EGFL7 antibodies can be effectively implemented for CPC biomarker analysis through:

This approach leverages CPCs as a pharmacodynamic marker for interrogating in vivo activities of anti-EGFL7 therapeutics, as demonstrated in both preclinical models and phase I clinical trials .

What experimental approaches best characterize the role of EGFL7 in stress-induced endothelial cell responses?

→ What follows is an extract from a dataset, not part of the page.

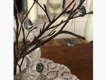 Glasdroppar 20st grå/blå. Hänge i silverfärg. Påskrispynt. Dekoration mm

To effectively characterize EGFL7's role in endothelial stress responses, researchers should employ:

• In vitro stress models: Subject endothelial cells to relevant stressors:

  • Serum starvation to mimic nutrient deprivation

  • Hypoxic conditions to represent tumor microenvironment

  • Inflammatory cytokine exposure

• Survival assays: Quantify stress-induced apoptosis with and without:

  • Recombinant EGFL7 protein supplementation

  • Anti-EGFL7 antibody treatment

  • Combination with anti-VEGF agents

• Adhesion analysis: Assess endothelial cell adhesion to extracellular matrix components in the presence of:

  • Purified EGFL7

  • Fibronectin

  • EGFL7/fibronectin combinations

  • Specific blocking antibodies against integrin α5β1

• Structural studies: Employ transmission electron microscopy to analyze EGFL7 oligomerization and fibrillar structures, which provide insight into functional mechanisms

• Sprouting assays: Utilize 3D cell culture models to evaluate capillary-like structure formation under various conditions

• Molecular pathway analysis: Investigate signaling cascades activated by EGFL7 during stress response using phospho-protein analysis

These approaches provide comprehensive characterization of how EGFL7 functions to protect endothelial cells under stress conditions relevant to tumor vasculature.